Effects of parameter settings on capture of database structure fragments
Numbers of positional hits (residues within spans) corresponding to each position along the poliovirus query structure were plotted for window_size/distance_cutoff parameter pairs 70/3.5Å, 80/4.0Å, and 90/4.0Å (hereafter referring only to the window_size) (Figure 3). In some regions, there was observed considerable variation in the numbers of positional hits captured for the different window_size settings (e.g., positions within ranges 290-310 and 390-440), whereas at other positions, window_size had little effect on the numbers of qualified hits captured (most notably positions within ranges 1-240 and 360-390). Observations of positional hit frequency variations over the length of poliovirus RdRp led to identification of a variability profile (illustrated in Figures 3 and 5). The regions of high variability were "locked" between regions of high specificity, which exhibited little or no change with the variation of window_size. As window_size was increased, the numbers of positional hits tended to decrease in those regions for which window_size-dependent variability was observed. Comparison of positional hit variabilities to secondary structure (Figure 3, along x-axis) revealed that the window-related variability tended to occur in regions of helical secondary structure. A polymerase "baseline", amounting to fewer than 50 positional hits (corresponding primarily to polymerase structures) was observed along the entirety of the poliovirus chain (Figure 3 x-axis). All polymerase baseline regions, with the exception of region 410-461, were identifiable independently of window_size. The latter C-terminal region showed high specificity at window size 90. In this region, lowering the window_size value to just 70 resulted in the capture of many (> 900) structure fragments that have apparent structural similarity to poliovirus RdRp (Figure 3, tall red peaks at right side of plot). The N-terminal region of the poliovirus protein yielded the least positional hits, indicating relative structural uniqueness in this region.

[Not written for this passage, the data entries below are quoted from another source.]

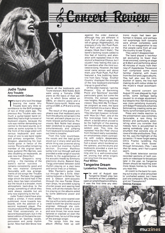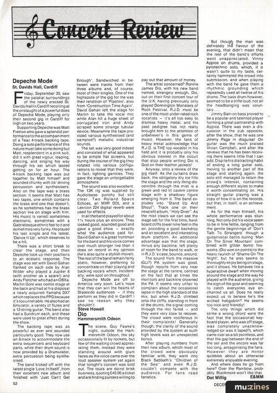 Judie Tzuke, Tangerine Dream, Depeche Mode, Dio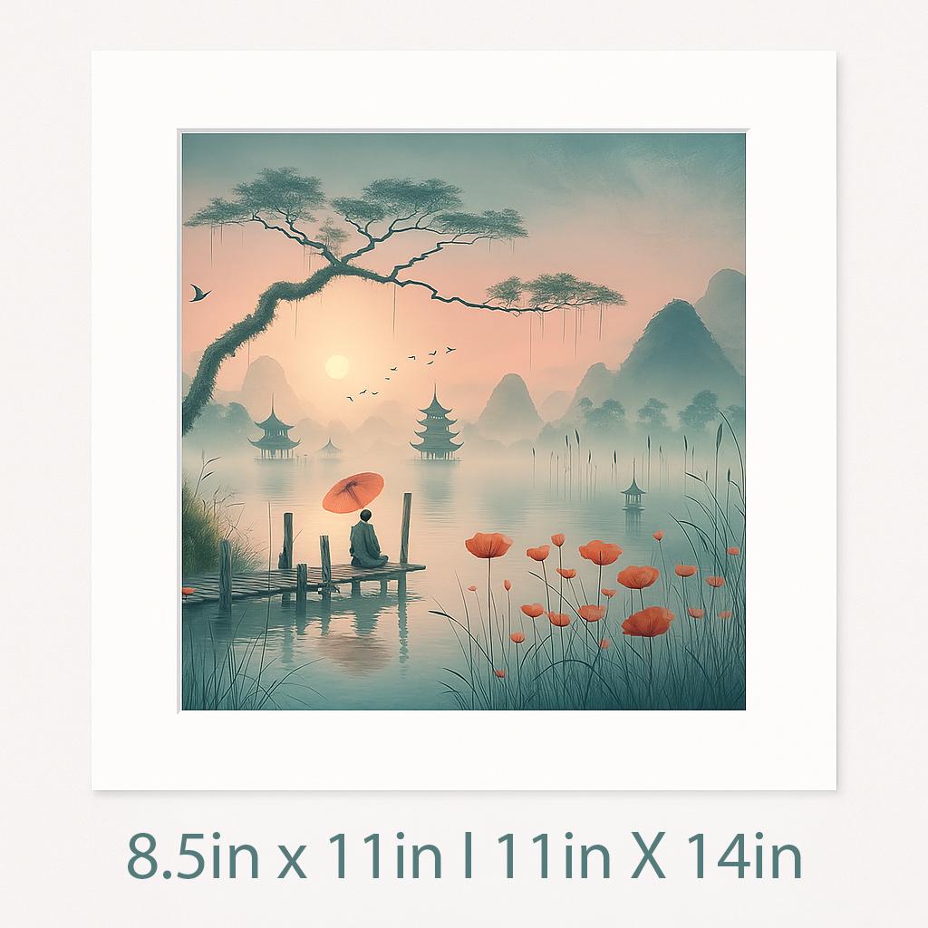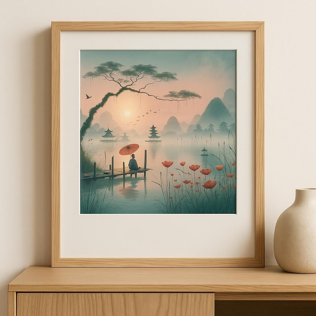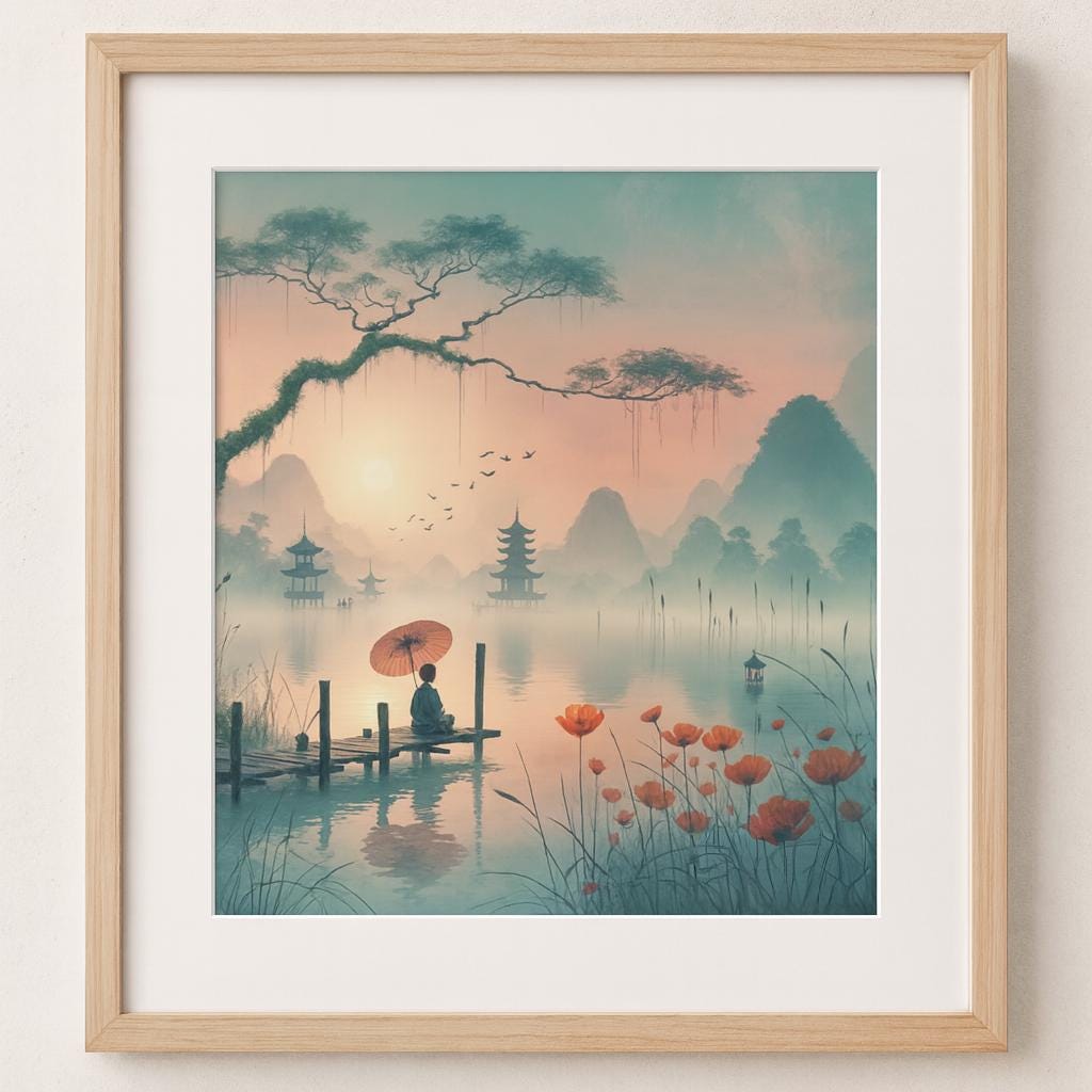 Bring tranquility and quiet beauty into your home with this serene East Asian–inspired landscape art print. A lone figure rests on a wooden pier beneath a parasol, watching dawn rise across the still water and distant pagodas. The mist, soft morning light, and peaceful composition make this a calming piece for any space that invites reflection or stillness.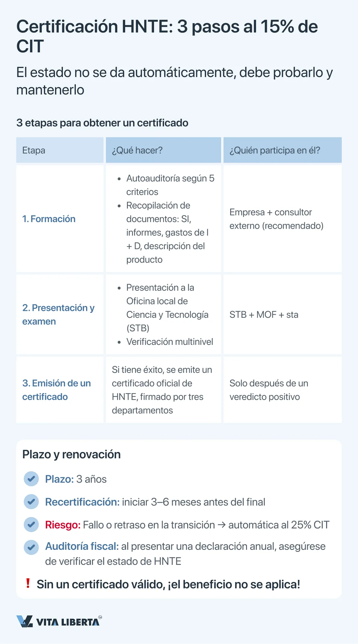 - Obtención de un certificado: en caso de decisión positiva de la empresa, se emite un Certificado HNTE, firmado por los tres departamentos especificados. Este certificado es la única base legítima para aplicar un tipo impositivo preferente.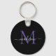 Black Purple Violet Monogram Name Elegant Script Keychain

Composition of captured structure fragments at specific positions
We selected six positions (Figure 3, residues numbered at top of plot) at which to examine the diversity of structure fragments captured at each of four window_size values (Table 3, additional files 3, 4, 5, 6, 7, and 8: StralSV-RdRp_Suppl_Table 2, StralSV-RdRp_Suppl_Table 3, StralSV-RdRp_Suppl_Table 4, StralSV-RdRp_Suppl_Table 5, StralSV-RdRp_Suppl_Table 6, StralSV-RdRp_Suppl_Table 7). Orientations within the structure of poliovirus RdRp of these six positions are indicated on the structure model shown in the inset of Figure 3. Qualified hits were examined for positions at which numbers of positional hits were relatively invariant (D238, D328, L374) or highly variant (N297, H398, H413) among the calculations run at the four window_size values. (In some cases preferences for selection of a particular residue for this analysis was based on existence of a functional annotation for that residue and, therefore, of biological interest (e.g., D238, N297; [21, 29]). We included window_size 50 in this analysis in order to determine what effect a very small (low stringency) window_size value might have on the structure-function diversity of qualified hits (i.e., would it greatly increase the diversity?). For each position and each window_size, qualified hits were categorized by SCOP concise classification strings. Hits were categorized into four families in the e.8.1 (DNA/RNA polymerases) superfamily: e.8.1.1 (DNA polymerase I), e.8.1.2 (Reverse transcriptase), e.8.1.4 (RNA-dependent RNA-polymerase), and e.8.1.6 (dsRNA phage RNA-dependent RNA-polymerase), and into various other non-e.8 SCOP classifications.
At positions D238, D328, and L374, qualification of structure fragments (and resulting positional hits) was largely independent of window_size, and few unrelated (non-e.8) fragments were captured, indicating that the structure motifs in the surrounding regions were largely limited to the families detected (e.g., e.8.1.4 and e.8.1.6) (Table 3, positions D238 and D328). For positions N297, H398, and H413, at which there was considerable diversity in the SCOP families detected at smaller window_size values (< 90), omission of these more distantly related positional hits was observed as window_size increased. Overall it was observed that window_size 90 resulted predominantly in capture of structure fragments from the structure family to which poliovirus RdRp belongs (e.8.1.4). Therefore, at all six positions, window_size 90 effectively filtered from among the nearly 150,000 PDB chains only those members of the polymerase/transcriptase families.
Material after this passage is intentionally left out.